Aan het eind van de basisschool maakt iedere leerling de doorstroomtoets (in februari).
- Deze toets laat zien wat een leerling op de basisschool geleerd heeft.
- Vooraf geeft de leerkracht een schooladvies voor het voortgezet onderwijs.
- Is de uitslag van de toets hoger dan het advies? Dan wordt het advies aangepast, behalve als dit niet goed zou zijn voor het kind.
- Is de uitslag lager? Dan blijft het eerdere advies gelden.
- De doorstroomtoets is geen examen. Een kind kan dus niet slagen of zakken.

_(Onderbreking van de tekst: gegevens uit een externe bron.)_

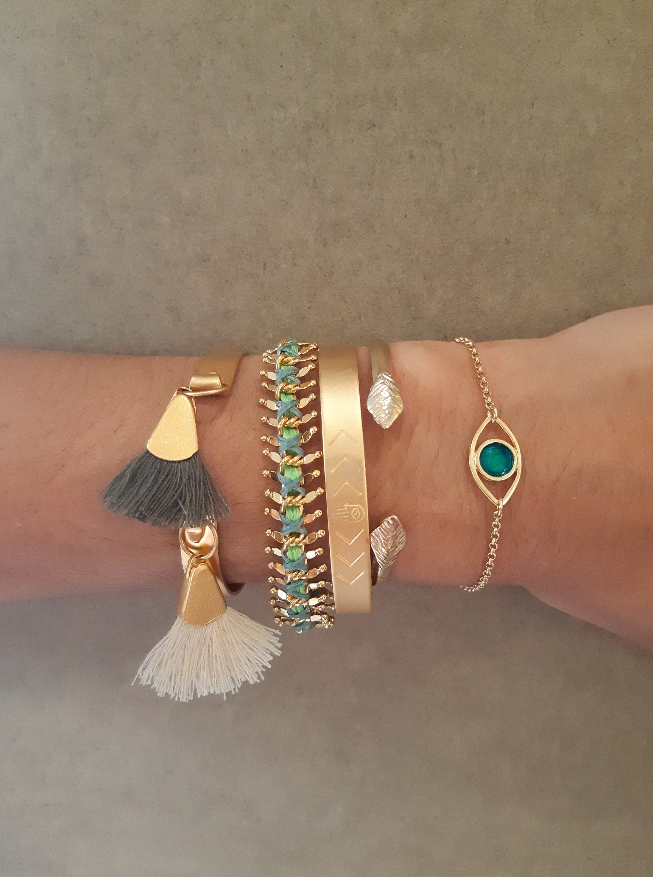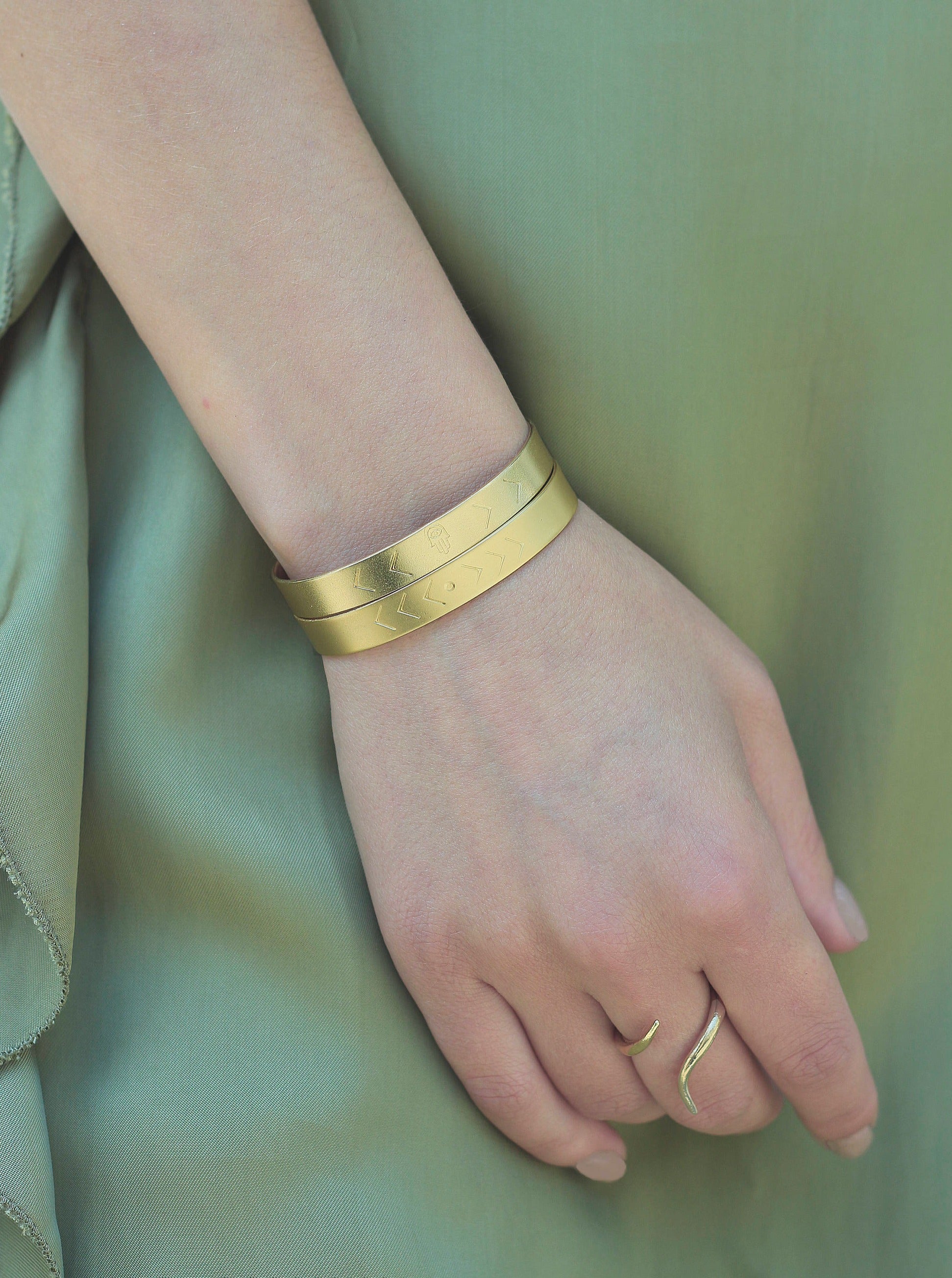 - Each bracelet is hand engraved, and finished with a curved and folded end that can be worn on top.
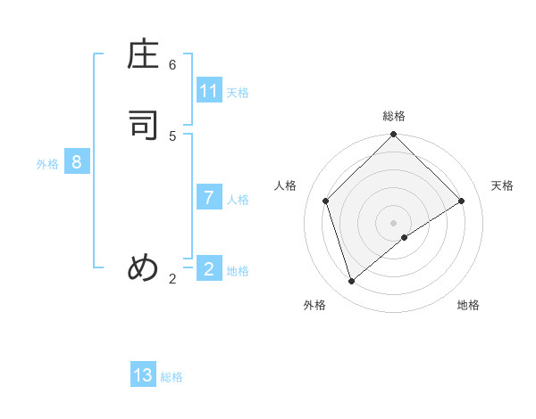 庄司 めさんの総格は13画の5点!
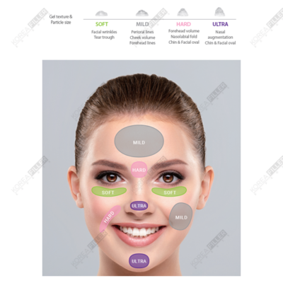 Cara Hard: This new generation injection booster is ideal for skin rejuvenation and is injected into the middle to deep dermal layers. It contains pure cross-linked hyaluronic acid and is a clear, colorless gel without impurities. It can eliminate insufficient lip volume, irregularities in the peri-labial area, wrinkles of the eyebrows, and much more.
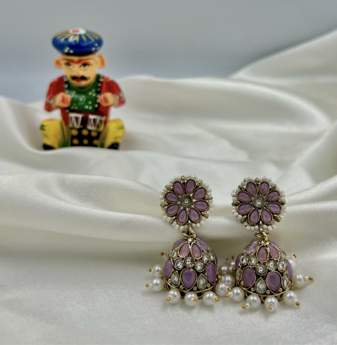 Discover the artistry of Masakali Lavangini Jhumki, a truly enchanting pair of handcrafted Mehendi Polish earrings. Each piece is a testament to meticulous craftsmanship, featuring a delicate floral top adorned with brilliant lavender stones. This leads gracefully to a detailed bell-shaped Jhumki, further embellished with more sparkling lavender stones and a captivating cascade of luminous white pearls. These versatile Jhumkis are designed to be your signature accessory, effortlessly enhancing any look – from casual everyday charm and contemporary Indo-Western flair to the grandeur of festive celebrations.
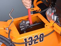 Use a 9/16 inch socket and wrench to remove the two bolts and accompanying nuts securing the engine guard to the tank lid, one on each side.
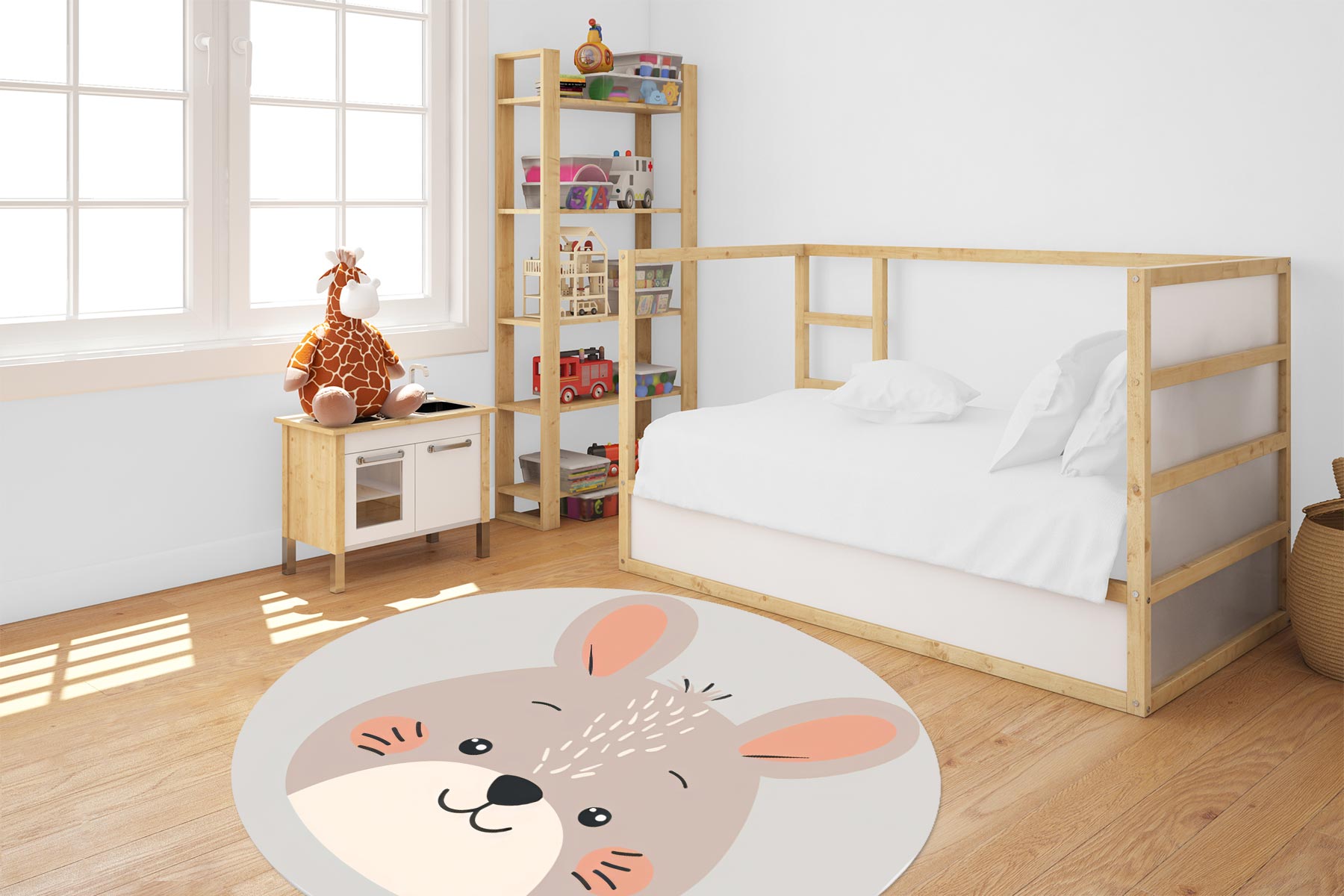 MATA WINYLOWA OKRĄGŁA dla dzieci do zabawy królik szary
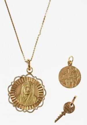 3191. Chaîne retenant une médaille de baptême, une médaille du signe d...
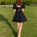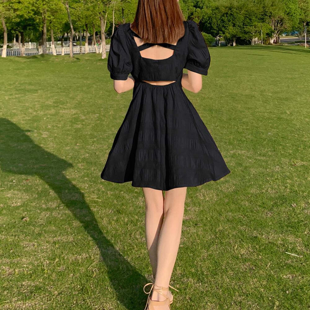 おしゃれ サマーワンピ パフスリーブ ロングワンピース バックシャン ミニワンピ 可愛い フレアワンピース バッククロス
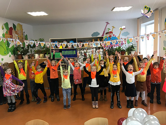 2 грудня учні початкових класів розфарбували все у жовто-помаранчевий - колір сонечка, тепла і гарного настрою. Діти та вчителі мали жовто - помаранчеве вбрання, чи аксесуар. Усі були дуже яскраві та наповнені позитивом, наче Сонечка, які один одному дарували позитив і чудовий настрій. Вчителі для учнів підготували сюрприз і влаштували танцювальну перерву. Діти були у захваті!
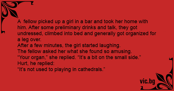 A fellow picked up a girl in a bar and took her home with him. After some preliminary drinks and talk, they got undressed, climbed into bed and generally got organized for a leg over.

De overheid kijkt met deze toets of scholen goed onderwijs geven. Daarbij wordt gekeken naar twee niveaus:
- Fundamenteel niveau (basisniveau): dit moet bijna iedereen halen.
- Streefniveau (hoger niveau): dit is extra, en laat zien dat kinderen meer beheersen dan de basis.
De onderwijsinspectie bepaalt welke percentages scholen minimaal moeten halen. Onze school scoort boven deze waarden:
- 97,6% van de leerlingen haalt het basisniveau (landelijke norm: 85%).
- 54,8% van de leerlingen haalt het streefniveau (landelijke norm: 43,5%).